The Mushroom Kingdom’s Least Wanted: Who Sucks More than Waluigi?
So in my Waluigi write-up I mentioned that Luigi’s evil double had passed his shit-stained crown of Worst Mario Character to not one, not two, but a variety of annoying chodes that come out of the woodwork whenever Mario announces a party or a golf outing.
Who could possibly spark my nerd rage more than the unlovable mutant hell-spawn of Wario and Luigi? Read on!
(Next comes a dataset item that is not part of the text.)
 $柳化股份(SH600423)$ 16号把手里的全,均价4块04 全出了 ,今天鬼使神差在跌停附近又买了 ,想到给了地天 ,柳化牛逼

I’ve actually had this list knocking around in my head for a while, because I’m a dweeb who makes lists like this. In earlier drafts (yes, that’s plural. Ladies) of the list and the preceding Waluigi entry, I referred to these guys as “filler characters.” I’ve decided to stay away from the term because it implies that this is some kind of objective list, that some characters are inherently better than others, and that’s kind of a self-important way to handle something like this. Plenty of other internet-people are happy to sound off their stupid opinions as gospel, but I’m content to leave my stupid opinions as stupid opinions. Plus I realized I really liked certain “filler characters” while putting others on blast, so this makes me seem like less of a hypocrite. Also some of the best Mario characters started off as “clones” or filler characters. Wario’s an obvious example, but even before him we have Mario’s beloved bro. Let’s be honest with ourselves, Luigi started life as “Green Mario” and didn’t really develop a personality in-game until the RPG spin-offs, and of course, Luigi’s Mansion.
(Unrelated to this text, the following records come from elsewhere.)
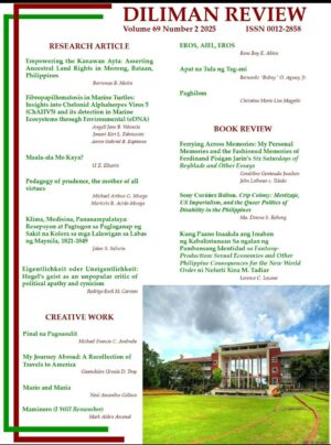 Diliman Review Vol. 69 No. 2 2025 is now available online at the UPD E-Journals. You may access the issue at saliksik@upd.edu.ph then search for Diliman Review. The issue features articles, creative works, and book reviews…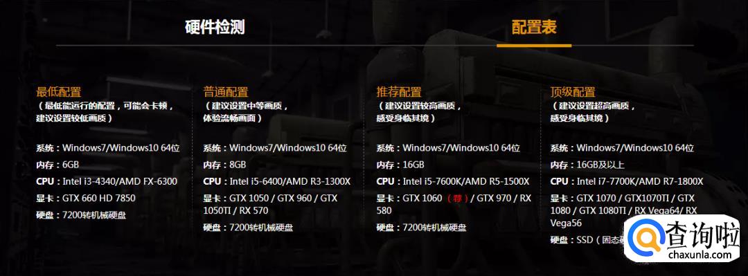 (最低能运行的配置,可能会卡顿,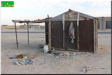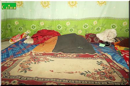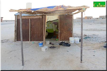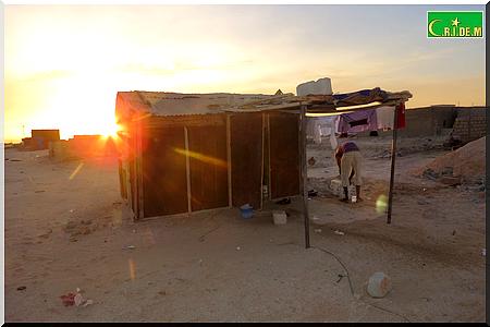 Notre interlocuteur nous conduit dans une baraque, dressée au milieu du dépôt de briques. Le décor est plus que sobre : une lampe à néon, deux jerricans, une natte pour la prière, une couverture, des vêtements éparpillés ça et là , des coussins.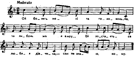 Ой болить мені та головонька, та либонь же я вмру... Ей, зостається любая дівчина, – сам не знаю, кому. Ей, як же тому та товаришу, – суди, боже, йому! Ей, як же тому та негідному, не дай, боже, йому! Місце запису : Миропілля Звягельського повіту Примітки Джерело : Леся Українка. Зібрання творів у 12 тт. – К. : Наукова думка, 1977 р., т. 9, с. 312. Вперше опубліковано : Народні мелодії. З голосу Лесі Українки. Записав і упорядкував Климент Квітка. – К. : 1918 р., ч. 2, с. 132. Фольклорні записи Перший | Попередній | Перелік | Наступний | Останній |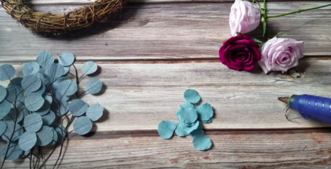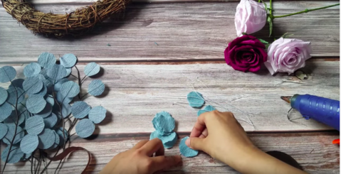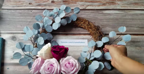 Put the flowers in a corner of the garland, continue to use leaves to cover the leftover parts. And done!

So yeah, I thought Wiggler was a fun, fresh new edition to the driver line-up for Mario Kart 7. Honey Queen I can take or leave. I have a weird bias where I always like to see new non-Princess female characters added to the Mario mix, but I’m completely ambivalent on HQ. I have a feeling she’ll be a one-time racer like Petey Piranha. Ha, remember that dingleberry?
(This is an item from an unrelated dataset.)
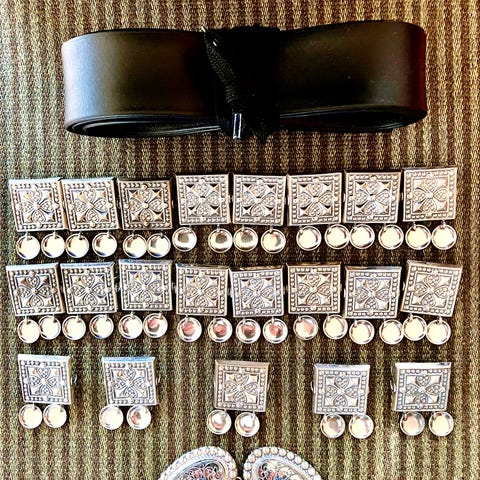 Sort skinnlist med 23 beltestøler med trådkantlauv, oksidert, en veskestøl, oksidert samt beltespenne med kruser og syhol, oksidert.

But some of the coolest playable characters in past Mario spin-offs have been legit “filler” characters. Toadette debuted in Mario Kart Double Dash!! as Toad’s driving buddy, likely to Miyamoto’s chagrin. Dry Bowser actually landed his first game role in New Super Mario Bros., but gets labelled a filler character because of his appearance in Mario Kart Wii. Despite looking rad as hell, I can still see how he could be considered “filler,” since he’s technically just a different version of Bowser, but come on:
And then most recently we have Metal Mario in Mario Kart 7. This should be one of the most egregious cases of shutting off the old creativity caps and just pooping out clones of popular characters to take up space, but I don’t know… Metal Mario didn’t get under my skin either. Maybe it’s because of his history with Super Mario 64 and the original Super Smash Bros. Or maybe it’s just because he’s not one of the douchers I’m about to list off. As much as I like these first few dudes, I still would rather have Kamek. Oh you didn’t hear? He was IN Mario Kart 64 until the last second:
The delightfully nerdy wizard turtle and primary antagonist of the fantastic Super Mario World 2: Yoshi’s Island was all but in Mario Kart 64, until a certain hot-shot simian superstar dropped in at the last second. It’s kind of crazy to consider the alternate universe where the switch never happened: would the countless Mario spin-offs continue to feature a playable Magikoopa instead of the tie-wearing ape?
And maybe that’s why I’m so bitter about these next few characters. Instead of more fun weirdos like Wiggler and Kamek, we’re stuck with:
Daisy is kind of like Dry Bowser. She got her start in a non-spin-off title as Super Mario Land‘s distressed damsel, and even has a character named after her in the bizarre Super Mario Bros. movie. Let’s be honest though, she’s a pallet-swapped Peach. But hey, Luigi got his start as a pallet swap, so why not? Because they made her super annoying, that’s why not.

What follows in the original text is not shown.